Current status and issues related to secondary findings in the first public insurance covered tumor genomic profiling in Japan: multi-site questionnaire survey.

In June 2019, the Japanese National Health Insurance (NHI) system introduced coverage for two types of tumor genomic profiling (TGP): FoundationOneⓇ CDx (F1) and OncoGuide™ NCC OncoPanel System (NCCOP). TGP sometimes reveals germline variants that are potentially pathogenic as secondary findings (SFs). We conducted a questionnaire-based survey to find out the operational statuses of F1 and NCCOP at institutions where TGP was performed to elucidate issues related to SFs. Responses were received from 97 of 112 institutions (86.6%). As of May 31, 2020, 88 (90.7%) and 78 (80.4%) institutions started performing F1 and NCCOP, respectively. Since F1 only examines tumor samples, germline confirmatory testing is necessary to determine whether they are actually germline pathogenic variants (GPVs). When physicians are obtaining informed consent all but 2.3% of the patients requested SF disclosure. Conversely, when presumed germline pathogenic variants (PGPVs) were detected, 46.2% were not willing to receive confirmatory tests as they wanted to prioritize cancer treatment over SFs investigation, while only 23.3% underwent confirmatory tests.
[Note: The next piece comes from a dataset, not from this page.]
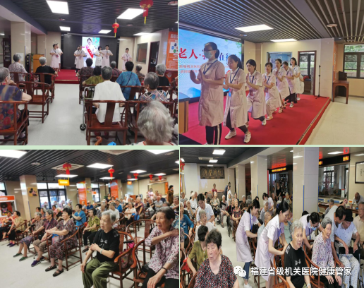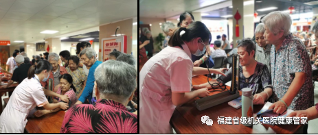 拍打操結(jié)束后,福建省級機(jī)關(guān)醫(yī)院護(hù)理專科小組在活動(dòng)大廳為園區(qū)長者進(jìn)行測血壓、專業(yè)拍背按摩及一對一護(hù)理知識健康宣教等。

Problems in cancer genomic medicine reported by clinical genetics departments included short-staffing (n = 10), insufficient interdepartmental cooperation (n = 9), inconsistent understanding of genetics among healthcare professionals (n = 8), and low utilization rate of SFs due to lack of insurance coverage for confirmatory tests and post-test health checkups (n = 8). Solutions include; determining the appropriate timing to confirm patient intent on SF disclosure, covering confirmatory tests for PGPVs by the NHI, and establishing cooperation between the oncology and clinical genetics departments.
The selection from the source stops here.